Leave out the pictures and copy every record exactly.

[Stored items]

=== Begin Enclosure ===

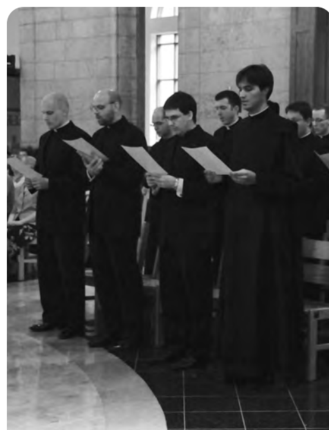
Seminarians make their priesthood promises in the St. Thomas Aquinas Chapel on April 23.
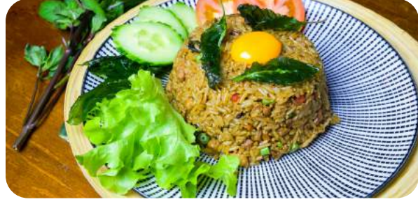
Thai Fried Rice Basil ข้าวผัดกระเพรา Your choice of meat stir fried with fresh chilli, basil, bamboo, and green bean.
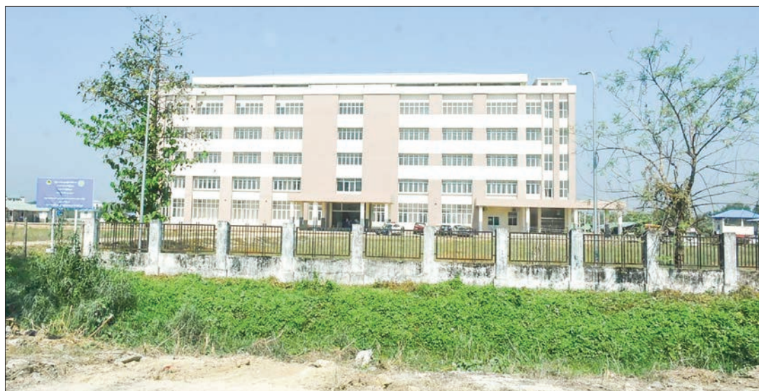
The National Cancer Treatment Centre in Dagon Myothit (Seikkan) Township, Yangon Region.

THE Ministry of Health has reported that various cancer treatments and tests, including cancer drug injections, radiation treatment, and radioiodine administration, were provided at the General Hospitals located in Nay Pyi Taw, Yangon, Mandalay, and Taunggyi in 2023.
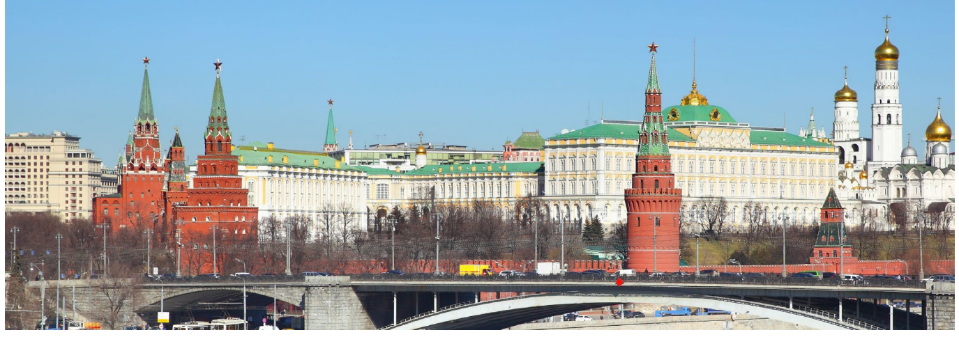
The Cremlin, Moscow.

Trainings were held on several topics including sector accounts on environmental goods and services, enterprise group profiling, tourism satellite accounts, and input-output tables
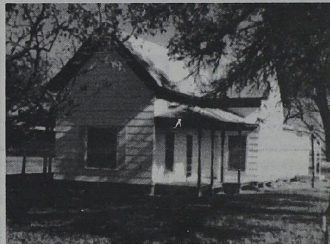
Beautiful house being moved to new location, south of Carbon.

Change is fast approaching with the year 2000 almost here--then again some things deep in the heart of goodness never change. A new beginning for a house built almost a century ago is exciting and of interest to a number of local people.
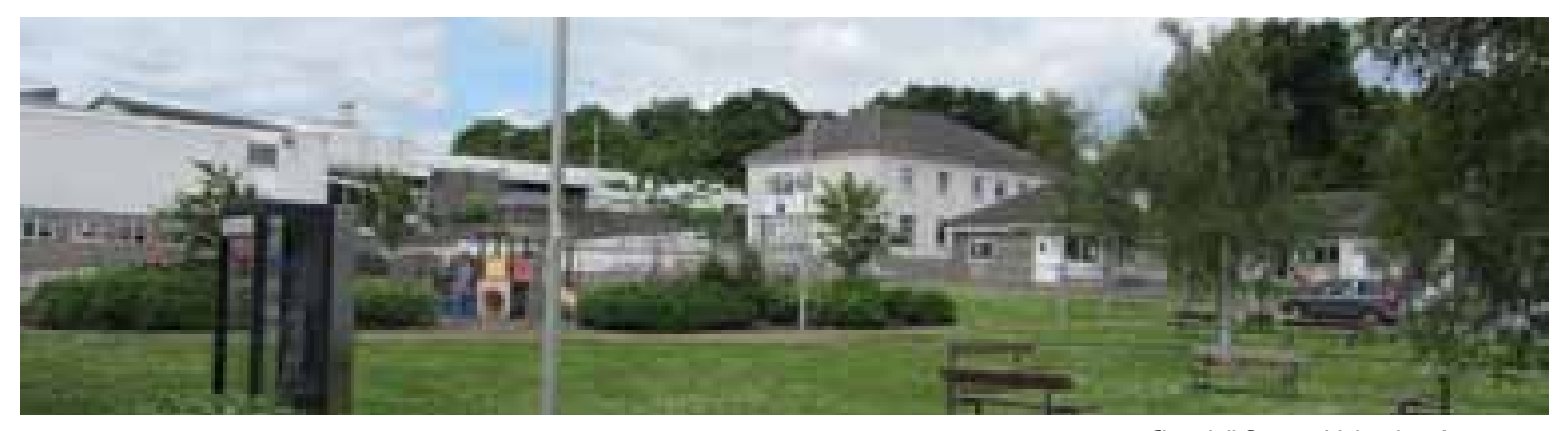
Churchill Square Helensburgh

Irene: There are a lot of community groups for military families with two large housing estates, <u>a</u> good chance to meet new people including non-military friends. There are plenty of upgraded parks in Helensburgh and plenty of clubs and groups for children.
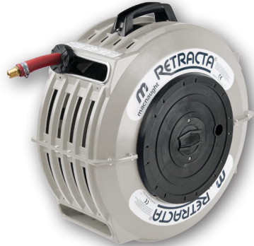
Workshop Water Reel
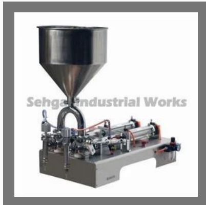
Liquid Soap Filling Machine
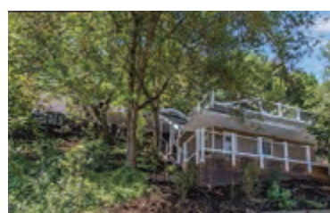
ORINDA $1,425,000 3/2.5 Remodeled charming wood shingled traditional! Plus newly constructed 1000 SF Great room. Laura Abrams CalBRE #01272382
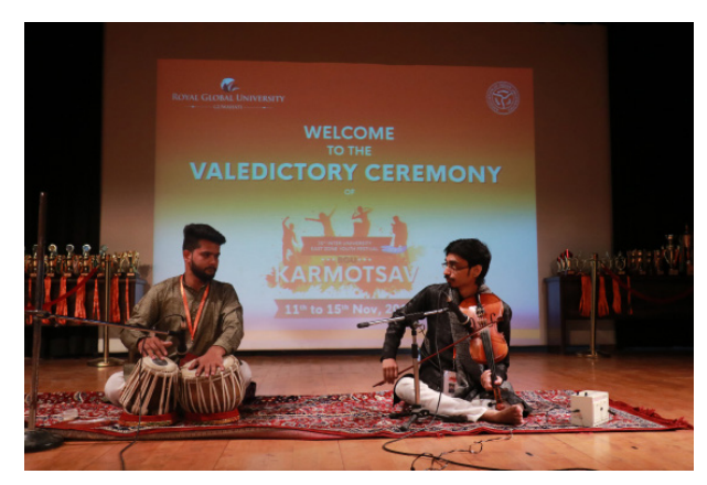
Participants from BHU
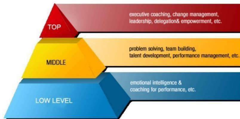
LEVELS OF MANAGEMENT

Comparison of actual performance with the standards and finding out deviation if any.

=== End Enclosure ===

▶ [The answer]:
Seminarians make their priesthood promises in the St. Thomas Aquinas Chapel on April 23.
Thai Fried Rice Basil ข้าวผัดกระเพรา Your choice of meat stir fried with fresh chilli, basil, bamboo, and green bean.
The National Cancer Treatment Centre in Dagon Myothit (Seikkan) Township, Yangon Region.

THE Ministry of Health has reported that various cancer treatments and tests, including cancer drug injections, radiation treatment, and radioiodine administration, were provided at the General Hospitals located in Nay Pyi Taw, Yangon, Mandalay, and Taunggyi in 2023.
The Cremlin, Moscow.

Trainings were held on several topics including sector accounts on environmental goods and services, enterprise group profiling, tourism satellite accounts, and input-output tables
Beautiful house being moved to new location, south of Carbon.

Change is fast approaching with the year 2000 almost here--then again some things deep in the heart of goodness never change. A new beginning for a house built almost a century ago is exciting and of interest to a number of local people.
Churchill Square Helensburgh

Irene: There are a lot of community groups for military families with two large housing estates, <u>a</u> good chance to meet new people including non-military friends. There are plenty of upgraded parks in Helensburgh and plenty of clubs and groups for children.
Workshop Water Reel
Liquid Soap Filling Machine
ORINDA $1,425,000 3/2.5 Remodeled charming wood shingled traditional! Plus newly constructed 1000 SF Great room. Laura Abrams CalBRE #01272382
Participants from BHU
LEVELS OF MANAGEMENT

Comparison of actual performance with the standards and finding out deviation if any.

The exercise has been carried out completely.